Over 4000 Denver Luxury Homes Sold in the Last Year
Dr. Lawrence Yun, the chief economist for the National Association of Realtors, has talked recently on how high-end home sales are driving up both median and average home prices more than ever before. But, here in metro Denver, in the last 12 months, 4,224 Denver luxury homes have sold for more than $1 million. How does this compare to previous years?

Brand new Denver luxury home in the Denver suburb of Greenwood Village.
2016—1200 homes sold for > $1 million
2017—1497 homes sold for > $1 million—an increase of 24.7%
2018—1755 homes sold for > $1 million—an increase of 17.2%
2019—2066 homes sold for > $1 million—an increase of 17.7%<
2020—2794 homes sold for > $1 million—an increase of 35.2%<
2021 first half —2314 homes sold for > $1 million—an annualized increase of 162%
These home sold in the last 12 months in Denver and suburbs including Cherry Hills Village, Greenwood Village, Castle Pines and other luxury Denver neighborhoods.
What Is Driving The Nationwide Luxury Homes Market?
Oftentimes, trends have sub-trends operating within them. Right now, the strength of real estate has several sub-trends adding to the big upward climb in prices.; The larger and long term trend is the generational bulge that is being caused by the Millennials. And this will likely continue with Generation Z’s who born 1997 forward.
Adding to this, in a very big way, is the current record low interest rates, primarily driven by the Fed pushing rates down in order to deal with the effects of COVID on the economy. Finally, a third factor is the soaring stock market. That aids high end real estate because many buyers on the high end buy with their wealth more so than their income. With the exception of a hiccup caused by COVID, we have had a strong economy for the last 4 years, adding a tail wind to the other factors mentioned above.
Denver Luxury Homes Hedge Inflation
Brian Wesbury is chief economist for First Trust Portfolios, and one of the best economists at “reading the tea leaves” and predicting our economic future as a nation. He recently wrote an article outlining what he expects to see from the huge government spending that continues to take place. To counter the spending, the Fed has increased the money supply by 30%.
According to Mr. Wesbury, the natural consequence of an increased money supply is a matching increase in inflation. He says that prices must and will increase by 30% over time, whether it be 2 years, 4 years or as long as 6 years. Real estate is traditionally one of the best hedges against inflation. It tends to rise in value in times of inflation.

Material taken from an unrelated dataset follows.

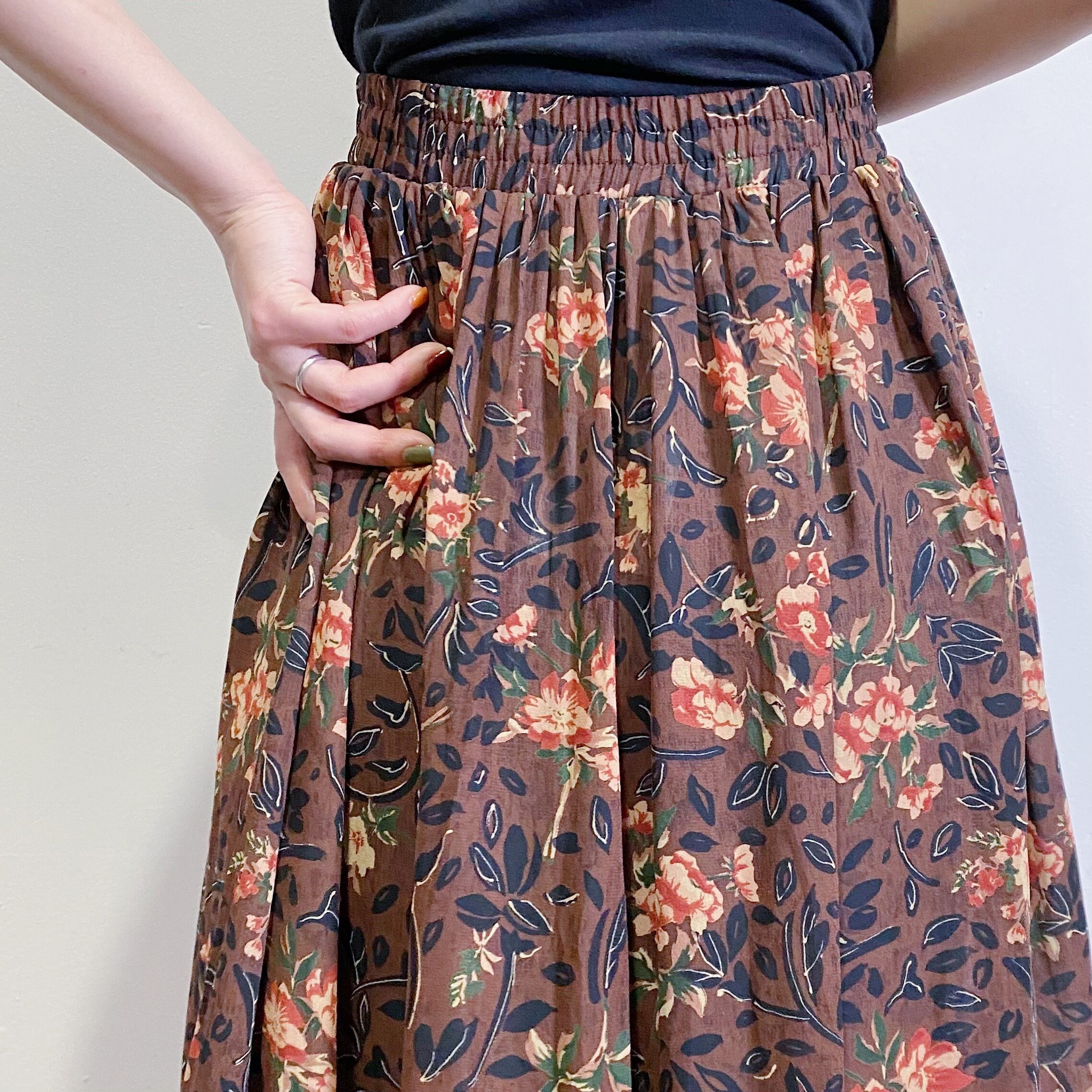 ブラウンベースにオレンジのボタニカルな花柄が可愛い、90年代のフレアスカートです。

Brian Wesbury explains why real estate will continue to be a great investment despite rising prices. He spoke at Hancock Symposium held at Westminister College in September.
So, whether you are considering the purchase of investment property, your first home or just continue to own the home you are in, you are in a great place to continue earning equity in your financial future. Likely the only way to lose in real estate any time soon is to not own real estate!